A few weeks ago the post: A Time of Uncertainty was published by the US Federal Reserve. It is a speech made by John C. Williams, President and Chief Executive Officer at the Federal Reserve. The speech was made to an audience in Princeton, New Jersey at the Economic Policy Studies 2022 Spring Symposium.
The most fascinating part of this speech is the title because little in the speech sounds 'uncertain'. To the contrary, the speech sounds all but certain that the 'uncertainty' of today will be gone in roughly two years.
You always know when an opponent is weak by how they act. Most in power act powerful when weak and weak when strong. You can tell when its the former by the rationale. If the argument sounds delusional, you know they are weak. Such is the case with this speech.
It lays bear the true sentiment of all leaders today -- they have no idea what's going on. In particular, those that lead cartels like the Federal Reserve. So, most leaders are engaged in an act of looking big because they are weak and uncertain about what's to come, but that does not stop them from action. While uncertainty will make the sage stand still, the leaders of today are quick to act. Despite their uncertainty, they give speeches like the one given by Williams at the Spring Symposium.
Here's an excerpt from the speech,
In the United States, we are now seeing elevated inflation across many categories of goods and services. Meanwhile, in Europe, which is heavily dependent on Russia for energy, rising prices of oil and natural gas are the biggest concern.

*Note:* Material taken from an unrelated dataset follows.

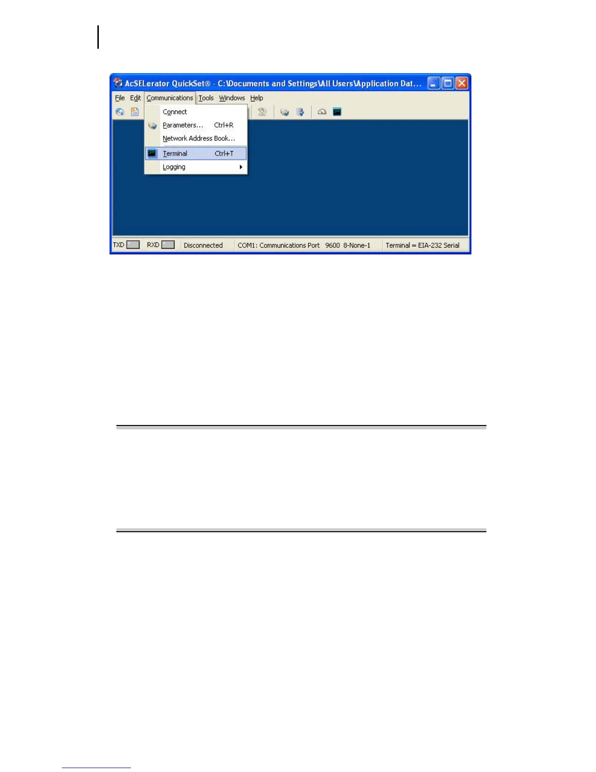emulation. Open the terminal window by clicking Communications > Terminal or by
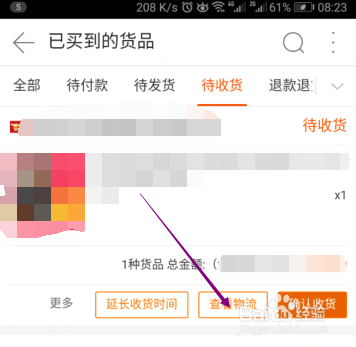 若是是采办了多件商品,就选择你要查看的待收货商品。

And in the Middle East, there are fears of a wheat shortage, given the region's reliance on wheat from Russia and Ukraine.
I sense little uncertainty here. Where it all goes wrong, at least in my estimation, is in the expectation set. They are under the misguided belief that with a few sprinkles of monetary policy, all will be back to normal in a few years. They all believe they can simply kick the same can into the next decade by raising rates. Here's an excerpt from the same speech:
The one bright spot regarding inflation is that longer-run inflation expectations remain well anchored. This anchoring is seen in both market-based measures of expected inflation and in surveys of households and economists. For example, the New York Fed's Survey of Consumer Expectations has fielded special survey questions on five-year-ahead inflation expectations since 2019, and these expectations have hardly budged since the start of the pandemic. In addition, the pass-through of inflation surprises to revisions in three-year-ahead inflation expectations is about half as large as it was before 2020. That is, medium-term inflation expectations in this survey are less responsive to inflation shocks than they were before the pandemic.
With regard to "expectations" Williams is referring to the projections put out by the FOMC in the middle of March. And, these projections are based on “expectations”. Isn't this curious? Why are the economic solutions of the day based on the 'expectations of the uncertain'. Where most of us have come to a full stop, the Federal Reserve has interpreted the stop as a sign that all will be well in two years. And, these are the expectations that are being used to steer economic policy. It is bewildering. The bewilderment does not end here.
There is a belief that inflation is being fueled by demand for goods rather than increases in the money supply. Keynesian and other non-monetarist economists reject the notion that inflation can be caused by the Federal Reserve's increase of the money supply via debt monetizing programs like quantitative easing and rampant buy-back programs because to do so would be to admit that they caused the "uncertainty" of today. And, to be clear, that would be okay. It would certainly be preferable to acting as though the current situation was caused by a lack of supply on goods. Does anyone truly believe, in this technological age of over supply and consumption, that the issue is one of lack? Williams does and goes on to say:
Our monetary policy actions, combined with those of other countries, will help bring demand for labor and products in closer alignment with available supply. As this reduction in demand-induced price pressures takes effect and supply constraints gradually ease, I anticipate inflation readings will begin to decline later this year, although this process will take time to fully play out. For 2022 as a whole, I expect PCE inflation to be around 4 percent, then decline to about 2½ percent in 2023, before returning close to our 2 percent longer-run goal in 2024.
In other words, all of this is just a bad dream caused by increased demand for goods and services and it will all be over by 2024. Some might even call this delusional. I can only hope that this is his public stance and that privately he's buying commodities and gold for his own portfolio, because it is clear that the inflation that's coming, fueled by our obsession with growth, is not one that can be patted on the head or answered using a Keynesian demand/supply chart. I believe the biggest fear of the Federal Reserve is that the world will come to blame its policy actions on the creation of a long protracted depression for the market.